I cry at books and movies all the time, so I wasn’t surprised to feel a few teardrops when I watched the spear go through Rue’s heart and saw Katniss sing her to ‘sleep.’ But when I watched this scene for the second time, I couldn’t stop sobbing.
The idea that people could hate this scene simply because of Rue’s race, that the sight of a child being murdered wouldn’t strike them as sad if the child was black—even if the movie was fictional, the hatred was real, and living in a world with that hatred felt unbearable.
Before the Charleston shooting, that moment was one of the closest I’ve felt to the sense of despair and hopelessness that comes when you learn about unwavering and inexplicable hatred.
But that was the day I began writing the first chapter of my current novel, The Keepers. I was determined to write an incredible YA story, with adventure and imagination like nothing people had ever experienced. And my protagonist was going to black.
And you know what? It wouldn’t matter.
Because when you have a good story, it doesn’t matter who the story is about. If you have a good story, there will be people who are dying to read it and studios that are dying to produce it.
Any person who doesn’t want to read or see a story with characters who are different from them will have to get over it or miss out on the story of a lifetime.
So that is why I write. The dream is the same, but the purpose is different. It isn’t fame or success; it is a burning passion to tell a story about someone who is different and to force readers to fall in love with what is different from them.
It's the thought that one day a little girl might be able to walk into the library and see a protagonist that actually looks like her.
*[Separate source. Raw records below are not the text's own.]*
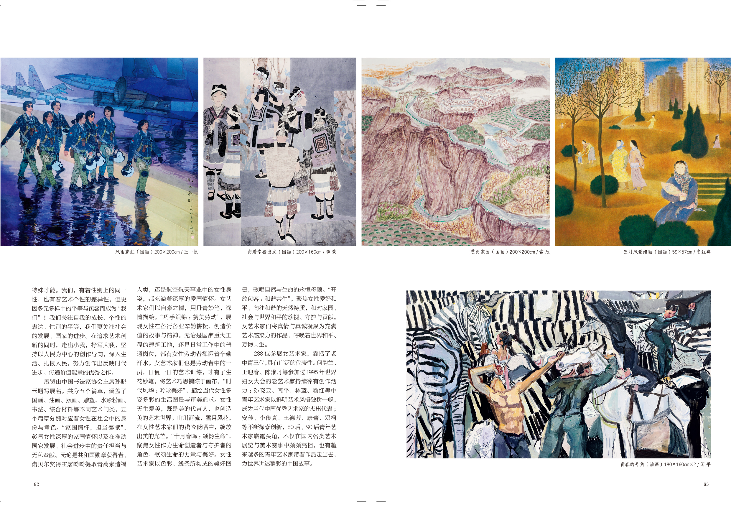 288位参展女艺术家,囊括了老中青三代,具有广泛的代表性。何韵兰、王迎春、陈雅丹等参加过1995年世界妇女大会的老艺术家持续葆有创作活力;孙晓云、闫平、林蓝、喻红等中青年艺术家以鲜明艺术风格独树一帜,成为当代中国优秀艺术家的杰出代表;安佳、李传真、王德芳、康蕾、邓柯等不断探索创新,80后、90后青年艺术家崭露头角,不仅在国内各类艺术展览与美术赛事中频频亮相,也有越来越多的青年艺术家带着作品走出去,为世界讲述精彩的中国故事。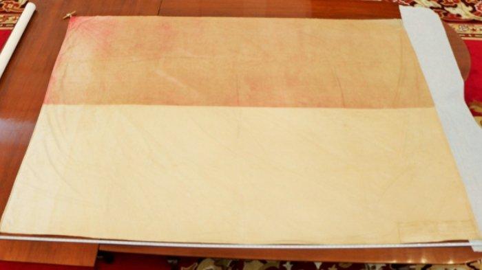 Bendera Merah Putih diletakkan dalam posisi tergulung dengan bagian atas bendera dilapisi dengan kertas bebas asam.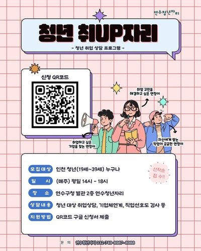 연수구는 청년 취업을 위해 매주 평일 14시부터 18시까지 연수청년자리(연수구 청년센터)에서 '청년 취UP(업)자리'라는 취업상담창구를 운영할 예정이다.

It’s the idea that maybe someone who grows up around people who don’t look like him might like the story enough to think twice before resorting to unwavering hatred.
So when I read the names and stories of those innocent people who were massacred out of hate, I write. I write this post. And I open The Keepers to continue rewriting that.
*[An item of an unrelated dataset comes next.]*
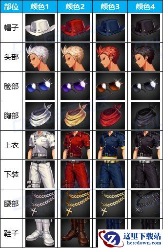套装部位包含了帽子、头部、脸部、胸部、上衣、下装、腰部以及鞋子。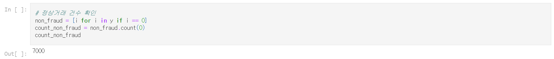 - 부정거래 사례에 맞추기 위해서 정상거래 샘플에서 무작위로 추출(그림 참조) - 소수(부정거래) 클래스의 오버샘플링

Writers, if you’ve stuck with me up until this point, here is the advice for you. We do not live in a perfect world and that means at some point in your life, you have been hurt by someone else because of your race, gender, religion, sexual orientation, weight, beliefs, values, or etc. because there are always those who will attack those who are different.
These attacks are painful, but they give you a story or a point of view that others don’t have. As a writer it is not only in your best interest to share this unique point of view, it is your obligation.
Maybe you’re not a heart surgeon or a fireman, but if you can bring a reader into another person’s mind, show them your character’s point of view, you create empathy.
You contribute to a world of people trying to understand other people, you help build a generation that hasn’t yet learned to hate anybody who is different from them.
So I don’t care if you’re writing the next Great Gatsby or Harry Potter series. Write a story that matters to you, a story that only you can write. It will give you the drive to actually finish the novel, and it will be something unique that no other author could create.